Puff LP: In The Air Without A Shape finds the ever-evolving Toronto band bottling their eclectic energy for seven songs
Bernice have been an experiment in constant evolution. Composed of a handful of musicians from Toronto’s experimental scene, working under the wide-eyed vision of singer Robin Dann, the band, especially live, has swelled and shrank as members have left to fulfill duties in other projects. But Puff LP: In The Air Without A Shape brings everyone together.

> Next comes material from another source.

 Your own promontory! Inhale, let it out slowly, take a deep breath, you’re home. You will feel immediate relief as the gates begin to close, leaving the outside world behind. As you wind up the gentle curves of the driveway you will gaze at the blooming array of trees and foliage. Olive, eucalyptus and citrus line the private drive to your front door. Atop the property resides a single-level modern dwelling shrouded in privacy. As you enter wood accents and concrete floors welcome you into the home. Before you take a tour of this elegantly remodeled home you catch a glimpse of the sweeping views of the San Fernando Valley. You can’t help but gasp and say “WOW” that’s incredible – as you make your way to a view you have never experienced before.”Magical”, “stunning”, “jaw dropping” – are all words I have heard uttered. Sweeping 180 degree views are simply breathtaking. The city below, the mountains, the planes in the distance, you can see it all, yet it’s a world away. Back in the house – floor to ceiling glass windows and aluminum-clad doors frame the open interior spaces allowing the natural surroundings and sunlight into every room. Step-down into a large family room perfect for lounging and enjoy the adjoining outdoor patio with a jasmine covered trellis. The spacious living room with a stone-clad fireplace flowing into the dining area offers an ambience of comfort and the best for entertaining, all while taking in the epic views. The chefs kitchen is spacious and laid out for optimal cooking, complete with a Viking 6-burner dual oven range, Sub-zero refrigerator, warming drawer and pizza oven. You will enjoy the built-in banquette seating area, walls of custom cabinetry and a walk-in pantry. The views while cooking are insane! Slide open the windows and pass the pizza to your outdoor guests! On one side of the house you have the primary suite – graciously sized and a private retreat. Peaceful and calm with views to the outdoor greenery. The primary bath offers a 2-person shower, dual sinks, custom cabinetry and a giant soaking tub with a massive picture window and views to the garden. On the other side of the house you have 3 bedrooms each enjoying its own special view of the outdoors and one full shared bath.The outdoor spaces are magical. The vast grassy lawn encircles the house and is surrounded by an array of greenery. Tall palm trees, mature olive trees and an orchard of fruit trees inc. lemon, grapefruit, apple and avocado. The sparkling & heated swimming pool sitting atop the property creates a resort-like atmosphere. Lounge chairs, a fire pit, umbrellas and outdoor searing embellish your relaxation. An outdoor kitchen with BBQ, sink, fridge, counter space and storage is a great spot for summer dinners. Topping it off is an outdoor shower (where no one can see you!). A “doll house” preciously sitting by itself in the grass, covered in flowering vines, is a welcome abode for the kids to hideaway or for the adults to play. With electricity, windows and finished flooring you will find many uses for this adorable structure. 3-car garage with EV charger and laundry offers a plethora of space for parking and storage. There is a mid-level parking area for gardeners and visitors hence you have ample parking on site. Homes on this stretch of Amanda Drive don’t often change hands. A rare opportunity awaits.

At a compact seven songs, the album has just a couple more than last summer’s Puff EP, and most of the material – Glue, David, He’s The Moon, Passenger Plane and St Lucia – has been in Bernice’s repertoire for the last three or four years. But they’ve bottled it with the same breezy looseness and whimsy that they’ve used to enchant even the chattiest audiences for years.

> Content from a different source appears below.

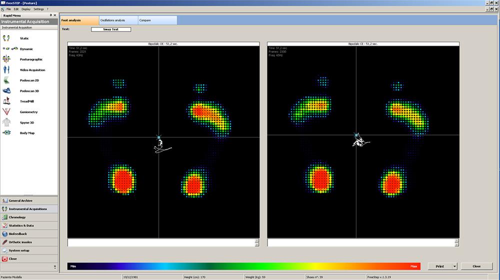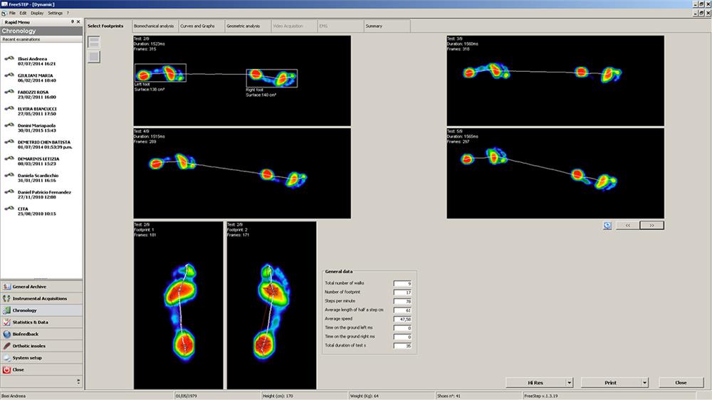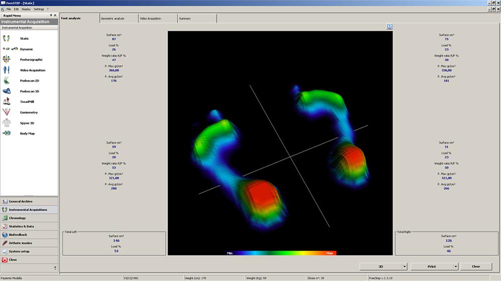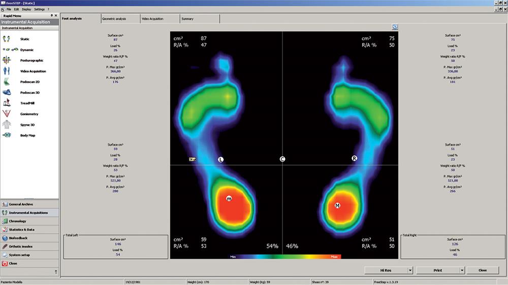 Rychlé měření a záznam statické a dynamické baropodometrie.

Album opener Glue starts with a moment of studio session laughter, and as the chuckles dissolve, the carefree sense of child-like wonderment remains. Daniel Fortin’s bass meanders like a sticky trail of handprints dotting a hallway, while Phil Melanson and Thom Gill add embellishments. Then Dann pours honey all over it before she and Felicity Williams coo an evocative series of pat-a-cake incantations: “Red and orange and yellow and blue / I am rubber and you are glue.”

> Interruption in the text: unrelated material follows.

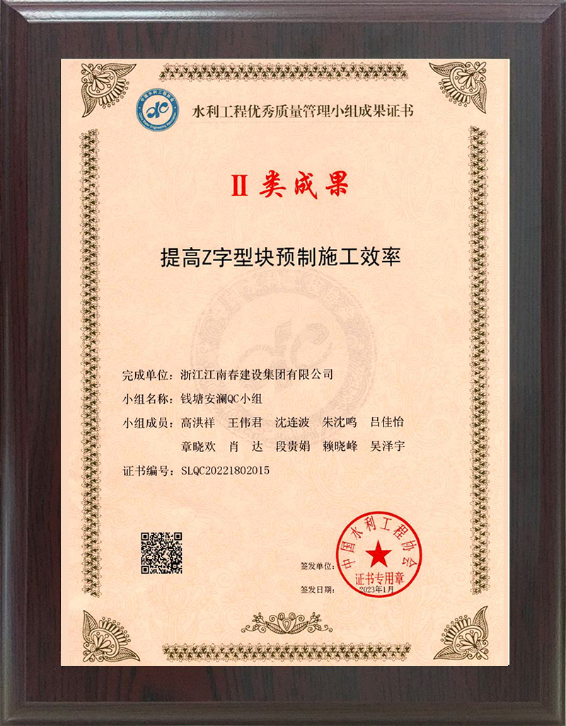 水利工程優(yōu)秀質(zhì)量管理小組成果證書 II類成果(提高預(yù)制六角塊安裝一次驗(yàn)收合格率)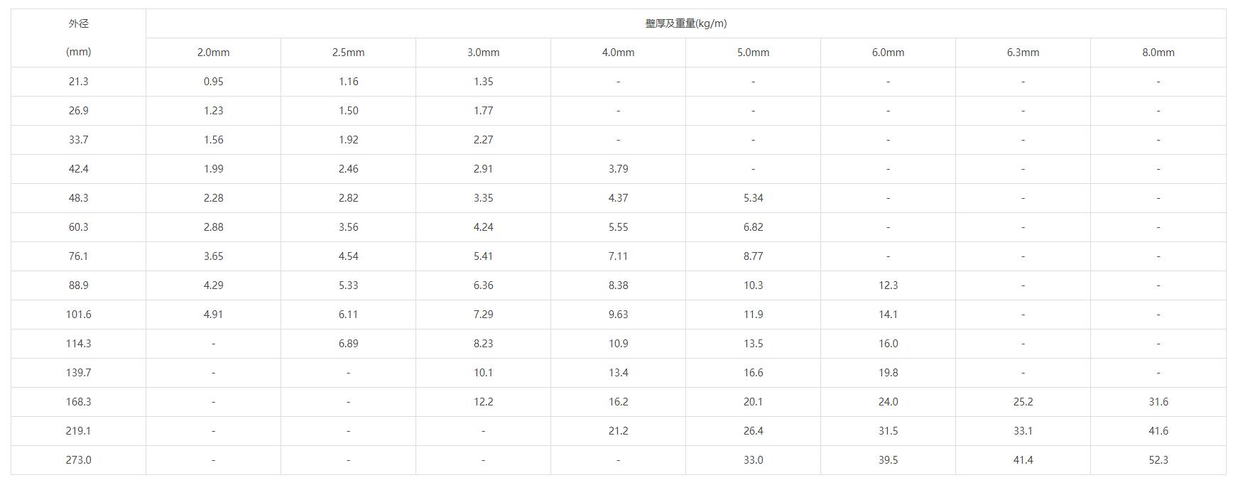 外径 (mm) | 壁厚及重量(kg/m) | |||||||

Elsewhere, Dann and Williams invoke the Galleria Mall on He’s The Moon, and a new recording of St Lucia (Dann’s ode to her great aunt) zigs even harder left than the EP version.
With that spirited eclecticism permeating the album, the pitch-shifted thinky sadness of Passenger Plane and the downcast character study David sting in a good way.
The album is a delightful access point to the cloudy emotional zones Bernice have always occupied, from a warm place of Snuggie-bound safety.
Top track: Glue
Bernice play the Drake Hotel on June 6.